Cross-post from http://idibon.com/privacy-with-language-technologies/
One downside of the kind of technologies that we build at Idibon is that they can be used to compromise people’s privacy and, by extension, their safety. Any technology can be used for positive and negative purposes and as engineers we have a responsibility to ensure that what we create is for a better world.
For language technologies, the most negative application, by far, is eavesdropping: discovering information about people by monitoring their online communications and using that information in ways that harm the individuals. This can be something as direct and targeted as exposing the identities of at-risk individuals in a war-zone or it can be the broad expansion of government surveillance.

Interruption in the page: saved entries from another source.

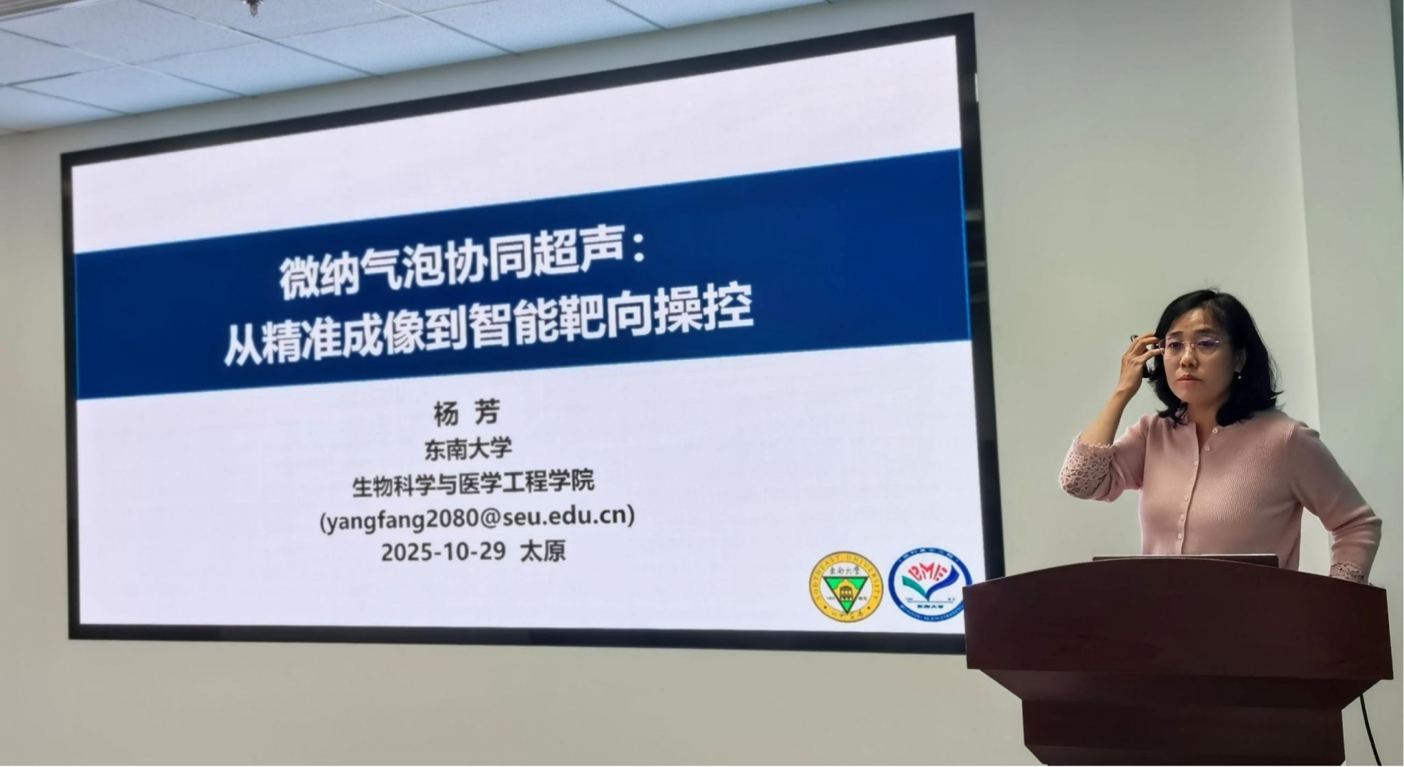 杨芳教授系统介绍了微纳气泡作为新型超声造影剂的技术突破。她指出,微纳气泡通过增强超声成像分辨率、实现病灶靶向操控,正推动“诊断-治疗”一体化精准医疗模式发展。结合团队在《Advanced Materials》《Science Advances》等期刊发表的百余篇SCI论文及12项发明专利(含1项国际PCT专利),她展示了材料设计与成像算法融合下的临床应用案例,并展望了其在细胞层面干预疾病的潜力。
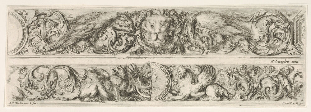 Two Designs for Friezes with Acanthus Scrolls, Each with a Variant, Plate 4 from: 'Decorative friezes and foliage' (Ornamenti di fregi e fogliami)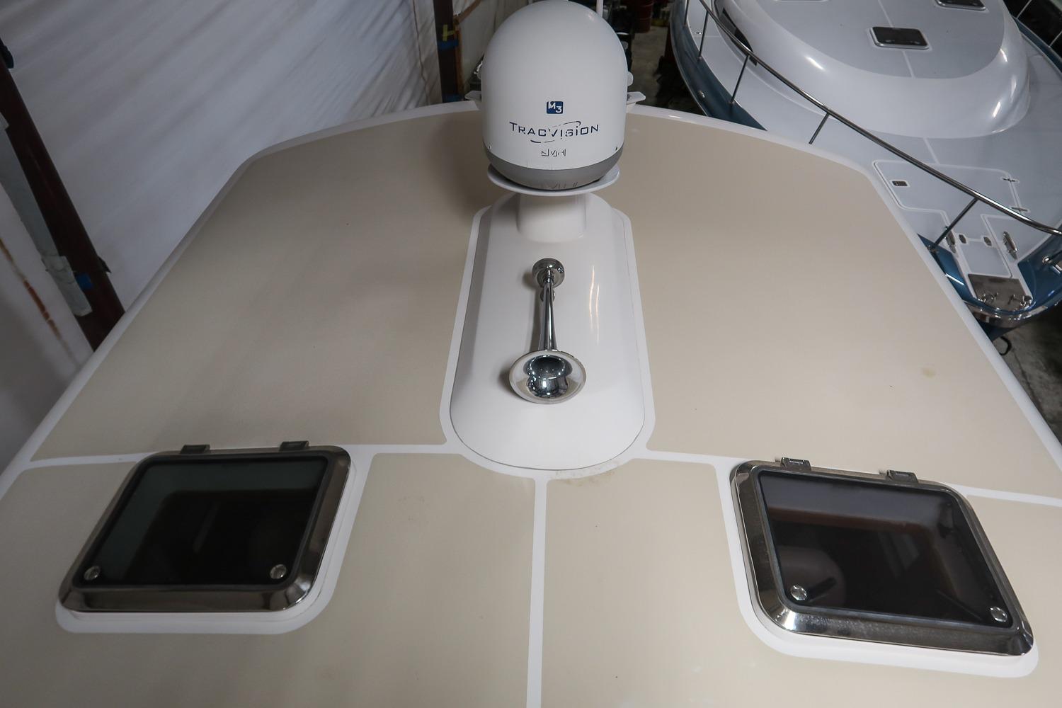 - Forepeak storage lockers with flush fiberglass hatches and access to chain locker below

The engineers at many technology companies announced their opposition to the latter with a loud, unified call today to reform government surveillance.
One way that privacy can be compromised at scale is the use of technology known as “named entity recognition”, which identifies the names of people, places, organizations, and other types of real-world entities in text. Given millions of sentences of text, named entity recognition can extract the names and addresses of everybody in the data in just a few seconds. But the same technology that can we used to uncover personally identifying information (PII) can also be used to remove the personally identifying information from the text. This is known as anonymizing or simply “scrubbing”.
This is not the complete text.